Originally Posted by Novocastrian
Thank you Bubbles. The "point" was that there are many misconceptions held by would be immigrants, this subject appears not to be one of them.
There you go ..... you said just now you didn't have a point!

I suppose the "reality" is that Canadian houses (by and large) are often larger than those in the UK, but not necessarily. Also you don't necessarily get a larger "yard", especially if buying within city limits, and particularly in newer communities. Houses here are packed like sardines in newer areas!

It was one of the things that put us off a bit to start with, even though it was pointed out that 1) the inclement weather for much of the year meant that you wouldn't want to be sitting in your garden so much, 2) the rather short growing season we have here results in many people not bothering much with gardening (with some notable exceptions), and 3) with the Rockies just a short car journey away, you have all the "space" you could wish for, even if it is not in your own back yard!

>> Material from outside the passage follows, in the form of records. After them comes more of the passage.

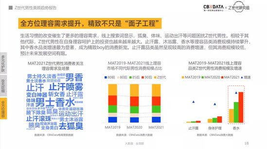 为了克服狐臭、体味、运动出汗等困扰,越来越多的Z世代男性求助于止汗露、沐浴露、香水等理容护理产品,其中香水的增速最为显著。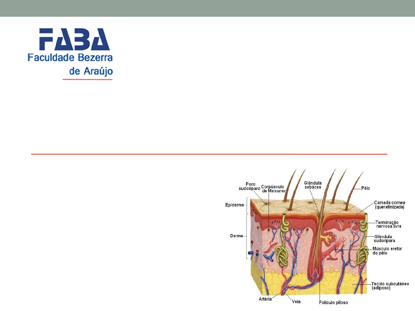 HISTOLOGIA Prof.ª Dr.ª Géssica Rocha email: gessi_ar@yahoo.com.br Pele Pele É um órgão formado por duas camadas fortemente aderidas: 1) Epiderme (Tecido epitelial pavimentoso estratificado queratinizado) 2) Derme (Tecido conjuntivo propriamente dito) Epiderme (Tecido epitelial) • É dividida em 5 camadas/estratos: 1. Córnea 2. Lúcida 3. Granulosa 4. Espinhosa 5. Basal Epiderme (Tecido epitelial) • É dividida em 5 camadas/estratos: 1. Córnea 2. Lúcida 3. Granulosa 4. Espinhosa 5. Basal Epiderme (Tecido epitelial) Queratinócito • Célula predominante nas 5 camadas da epiderme. *Só que em diferentes estágios de diferenciação. • Função: produção de queratina. Queratina: • Principal proteína estrutural da epiderme; • Impermeável à água→ ajuda no controle hídrico do corpo. Epiderme (Tecido epitelial) Camada basal: • Rica em células tronco de queratinócitos. * Nessa camada há intensa divisão celular contribuindo ativamente para a renovação da epiderme. A Epiderme possui grande renovação celular. Epiderme (Tecido epitelial) Camada espinhosa: • Constituída por queratinócitos com expansões citoplasmáticas contendo filamentos de queratina (aspecto espinhoso). *Gera coesão entre as células vizinhas → resistência ao atrito. Epiderme (Tecido epitelial) Camada espinhosa: • Constituída por queratinócitos com expansões citoplasmáticas contendo filamentos de queratina (aspecto espinhoso). *Gera coesão entre as células vizinhas → resistência ao atrito. Epiderme (Tecido epitelial) Camada granulosa: • Constituída por queratinócitos com o citoplasma carregado de grânulos. Epiderme (Tecido epitelial) Camada lúcida: • É uma camada delgada de queratinócitos com núcleo parcialmente digerido e poucas organelas (translúcidos no microscópio). Epiderme (Tecido epitelial) Camada lúcida: • É uma camada delgada de queratinócitos com núcleo parcialmente digerido e poucas organelas (translúcidos no microscópio). Epiderme (Tecido epitelial) Camada córnea: • Constituída por queratinócitos mortos e com citoplasma repleto de queratina. Epiderme (Tecido epitelial) Camada córnea: • É uma camada que descama continuamente; • A quantidade de queratina desta camada ajuda a proteger a pele. Epiderme (Tecido epitelial) - Pele espessa: Epiderme possui todas as camadas; A camada córnea é mais grossa. Ex.: Palma das mãos, planta dos pés e articulações. - Pele fina: Epiderme não possui a camada lúcida; A camada córnea é mais fina. Ex.: Restante do corpo. Epiderme (Tecido epitelial) • Células: Queratinócitos Melanócitos Células de Langerhans Células de Merkel Epiderme (Tecido epitelial) Melanócito • Célula dotada de prolongamentos. • Localizada na camada basal. Epiderme (Tecido epitelial) Melanócito • Função: produção de melanina. Melanina: • Pigmento marrom escuro (confere cor a pele). • Protege contras os raios ultravioleta. Epiderme (Tecido epitelial) Albinismo • Incapacidade hereditária dos melanócitos produzirem melanina. • Pela falta de melanina, a pele não tem proteção contra os raios solares, e os tumores de pele são mais frequentes. Epiderme (Tecido epitelial) Vitiligo • Degeneração e desaparecimento de melanócitos em certas áreas da pele, levando a despigmentação local da pele. Epiderme (Tecido epitelial) Célula de Langerhans • Presente em todas as camadas da epiderme. • Função: capturar antígenos e os apresentar as células de defesa. Epiderme (Tecido epitelial) Célula de Langerhans • Presente em todas as camadas da epiderme. • Função: capturar antígenos e os apresentar as células de defesa. Epiderme (Tecido epitelial) Célula de Merkel • Presente na camada basal da epiderme. • Função: captar estímulos mecânicos e transferir para nervos sensoriais (mecanoreceptora). Derme (Tecido conjuntivo propriamente dito) Possui duas camadas: - Papilar: mais superficial e mais fina (TCPD frouxo). presença das papilas dérmicas. * Saliências que aumentam o contato com a epiderme → maior coesão. - Reticular: mais profunda e mais espessa (TCPD denso não modelado). Slide 1: histologia Slide 2: Pele Slide 3: Epiderme (Tecido epitelial) Slide 4: Epiderme (Tecido epitelial) Slide 5: Epiderme (Tecido epitelial) Slide 6: Epiderme (Tecido epitelial) Slide 7: Epiderme (Tecido epitelial) Slide 8: Epiderme (Tecido epitelial) Slide 9: Epiderme (Tecido epitelial) Slide 10: Epiderme (Tecido epitelial) Slide 11: Epiderme (Tecido epitelial) Slide 12: Epiderme (Tecido epitelial) Slide 13: Epiderme (Tecido epitelial) Slide 14: Epiderme (Tecido epitelial) Slide 15: Epiderme (Tecido epitelial) Slide 16: Epiderme (Tecido epitelial) Slide 17: Epiderme (Tecido epitelial) Slide 18: Epiderme (Tecido epitelial) Slide 19: Epiderme (Tecido epitelial) Slide 20: Epiderme (Tecido epitelial) Slide 21: Epiderme (Tecido epitelial) Slide 22: Epiderme (Tecido epitelial) Slide 23: Derme (Tecido conjuntivo propriamente dito)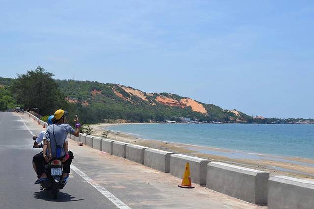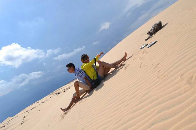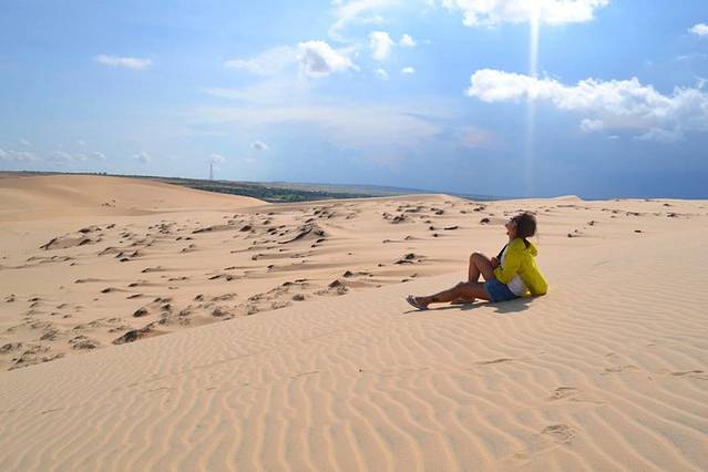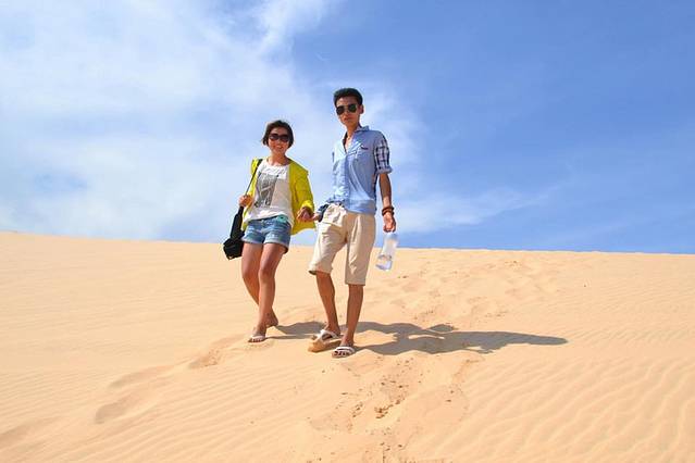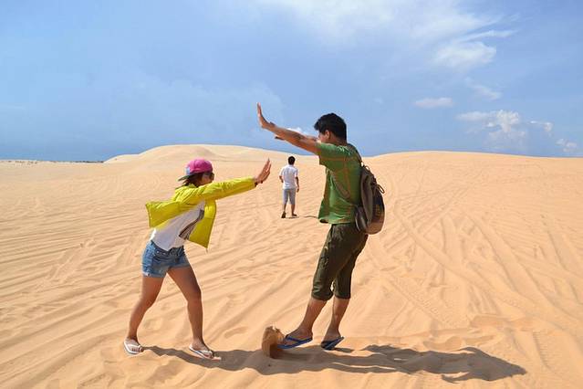 让我印象最深的,不是美奈的海而是白沙丘的沙,从美奈租个摩托10万盾一天,30多人民币。海洋,沙漠,草原,都是让人感觉渺小的地方。看远处的小车,像不像玩具。虽然很热但我们玩的还是很开心,也晒黑了不少,皮肤已经发红了。

We didn't like our rental yard much at all, just a little square of rough prairie grass, fenced around and overlooked from all directions. Our new yard is still rather rough, but not overlooked at least. Our next-door neighbours show that it is possible to have an attractive yard, with decking and landscaping, they grow flowers and vegetables, and have a cute pond with a water fountain thing going on. We just sit on our deck and admire their garden! Next year maybe we'll do something with ours, once we've finished sorting out the house.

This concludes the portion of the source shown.